# Older puppy with no hip certifications



## rskarma (Jul 28, 2017)

Hello

We are considering buying an older puppy from a breeder who raised him from a small puppy until now. He is 10 months old. The dog has been raised in a home setting, fed a raw diet and has been socialized. He is beautiful and I am told very sweet. Pedigree from Portugal (Sire- VA3 BSZS 2016 Cronos del Seprio) and Italy ( dam- PT SIEGERIN, SG Roxy de Vulpos Velox ) . Sire has normal hips and dam has fast normal. The rest of the pedigree tree has predominantly A1 hips. Our main concern is no prelim hip testing done. I realize that hips can change from prelims and he is young. Is it ok to rely on a dog's pedigree to assess the risk of hip issues?
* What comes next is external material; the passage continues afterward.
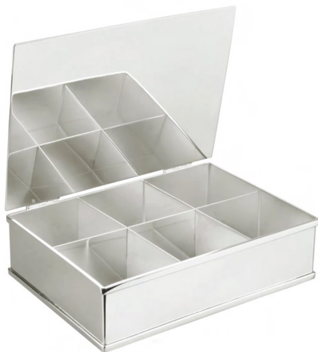
CAIXA DE CHÁ COM 6 DIVISÕES

896 - Med. 7,5cm (h) / 20,5cm (l) / 14,5cm (c)

Would greatly appreciate any input on this. 

thank you


----------



## mycobraracr (Dec 4, 2011)

I wouldn't rely on pedigree. I would at the very least see some X-rays. Prelims would be best or SV at 12 months.


----------



## anagram (Apr 24, 2017)

Hi 

What is your goal with the puppy ?
If you are looking for a potential stud dog in the future , then prelims are needed before you commit money now and time and resources later. 12mnths SV should be done as well of course.
If you are looking for a dog , that you will train and show for your own enjoyment and have generally as a pet / family dog , then 12mnths SV should be fine.


----------



## rskarma (Jul 28, 2017)

thank you for the input


----------